◆ Data segment ◆
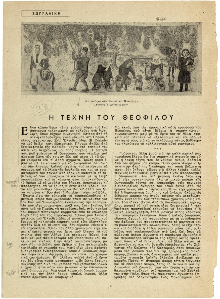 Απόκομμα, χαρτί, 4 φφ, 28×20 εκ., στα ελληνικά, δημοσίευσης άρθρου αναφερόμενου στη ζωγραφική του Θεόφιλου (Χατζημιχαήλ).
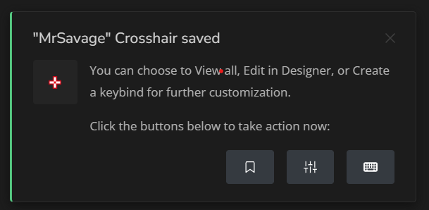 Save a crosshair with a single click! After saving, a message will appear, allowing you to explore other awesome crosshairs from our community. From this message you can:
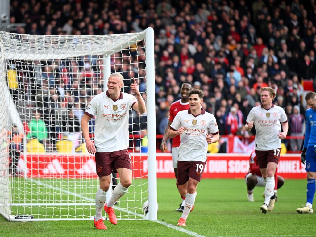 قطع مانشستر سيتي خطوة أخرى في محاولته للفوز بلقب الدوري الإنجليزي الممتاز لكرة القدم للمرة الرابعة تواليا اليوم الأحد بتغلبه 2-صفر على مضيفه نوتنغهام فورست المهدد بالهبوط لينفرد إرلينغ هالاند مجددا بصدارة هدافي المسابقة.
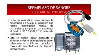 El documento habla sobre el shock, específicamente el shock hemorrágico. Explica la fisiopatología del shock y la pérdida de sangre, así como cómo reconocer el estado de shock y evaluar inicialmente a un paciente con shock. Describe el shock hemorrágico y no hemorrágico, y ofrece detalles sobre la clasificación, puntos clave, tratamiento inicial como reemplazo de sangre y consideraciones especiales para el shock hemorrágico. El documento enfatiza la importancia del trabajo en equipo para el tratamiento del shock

◆ Problem statement ◆
Retype the whole listing. Keep every word exact but include no pictures.

◆ Result ◆
 Απόκομμα, χαρτί, 4 φφ, 28×20 εκ., στα ελληνικά, δημοσίευσης άρθρου αναφερόμενου στη ζωγραφική του Θεόφιλου (Χατζημιχαήλ).
 Save a crosshair with a single click! After saving, a message will appear, allowing you to explore other awesome crosshairs from our community. From this message you can:
 قطع مانشستر سيتي خطوة أخرى في محاولته للفوز بلقب الدوري الإنجليزي الممتاز لكرة القدم للمرة الرابعة تواليا اليوم الأحد بتغلبه 2-صفر على مضيفه نوتنغهام فورست المهدد بالهبوط لينفرد إرلينغ هالاند مجددا بصدارة هدافي المسابقة.
 El documento habla sobre el shock, específicamente el shock hemorrágico. Explica la fisiopatología del shock y la pérdida de sangre, así como cómo reconocer el estado de shock y evaluar inicialmente a un paciente con shock. Describe el shock hemorrágico y no hemorrágico, y ofrece detalles sobre la clasificación, puntos clave, tratamiento inicial como reemplazo de sangre y consideraciones especiales para el shock hemorrágico. El documento enfatiza la importancia del trabajo en equipo para el tratamiento del shock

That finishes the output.